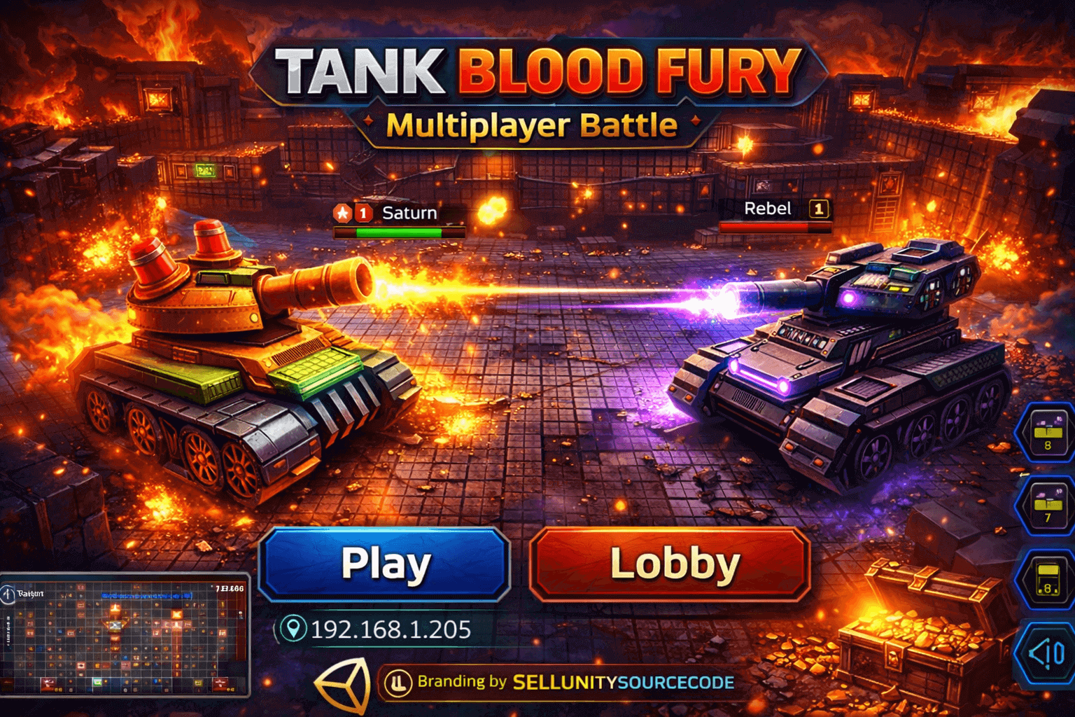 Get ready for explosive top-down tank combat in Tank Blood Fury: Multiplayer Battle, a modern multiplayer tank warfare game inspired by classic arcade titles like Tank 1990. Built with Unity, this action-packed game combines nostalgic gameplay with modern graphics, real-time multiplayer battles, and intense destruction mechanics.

• • •

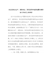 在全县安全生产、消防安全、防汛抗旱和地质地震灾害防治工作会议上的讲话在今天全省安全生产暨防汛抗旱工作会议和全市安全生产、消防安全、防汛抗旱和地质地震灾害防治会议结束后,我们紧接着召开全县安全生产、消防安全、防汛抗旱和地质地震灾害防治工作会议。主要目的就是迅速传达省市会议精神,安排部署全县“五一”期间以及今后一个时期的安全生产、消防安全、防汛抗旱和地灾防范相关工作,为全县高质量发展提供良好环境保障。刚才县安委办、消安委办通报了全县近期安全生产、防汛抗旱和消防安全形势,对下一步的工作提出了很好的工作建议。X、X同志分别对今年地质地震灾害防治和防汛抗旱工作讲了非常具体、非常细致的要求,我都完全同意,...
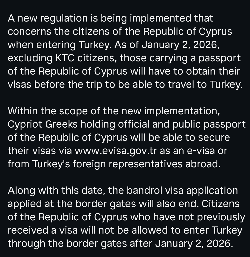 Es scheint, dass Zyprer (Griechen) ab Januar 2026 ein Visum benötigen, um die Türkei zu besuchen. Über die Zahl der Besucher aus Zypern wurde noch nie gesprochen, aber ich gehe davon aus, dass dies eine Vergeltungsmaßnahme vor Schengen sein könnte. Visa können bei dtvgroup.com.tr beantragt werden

• • •

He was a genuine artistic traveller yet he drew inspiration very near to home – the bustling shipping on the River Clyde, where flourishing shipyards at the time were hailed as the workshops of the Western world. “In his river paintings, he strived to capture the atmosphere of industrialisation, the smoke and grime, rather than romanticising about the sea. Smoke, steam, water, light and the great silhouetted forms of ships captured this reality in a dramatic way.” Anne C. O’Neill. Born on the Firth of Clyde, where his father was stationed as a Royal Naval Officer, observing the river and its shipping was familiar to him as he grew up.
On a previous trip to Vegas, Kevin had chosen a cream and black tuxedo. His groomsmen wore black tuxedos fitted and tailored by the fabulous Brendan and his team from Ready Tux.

• • •

## [WHAT YOU HAVE TO DO]
Output exactly the lines of the material above from the one containing "He was a genuine" up to and including the one containing "On a previous".

## [ANSWER TO THE EXERCISE]
He was a genuine artistic traveller yet he drew inspiration very near to home – the bustling shipping on the River Clyde, where flourishing shipyards at the time were hailed as the workshops of the Western world. “In his river paintings, he strived to capture the atmosphere of industrialisation, the smoke and grime, rather than romanticising about the sea. Smoke, steam, water, light and the great silhouetted forms of ships captured this reality in a dramatic way.” Anne C. O’Neill. Born on the Firth of Clyde, where his father was stationed as a Royal Naval Officer, observing the river and its shipping was familiar to him as he grew up.
On a previous trip to Vegas, Kevin had chosen a cream and black tuxedo. His groomsmen wore black tuxedos fitted and tailored by the fabulous Brendan and his team from Ready Tux.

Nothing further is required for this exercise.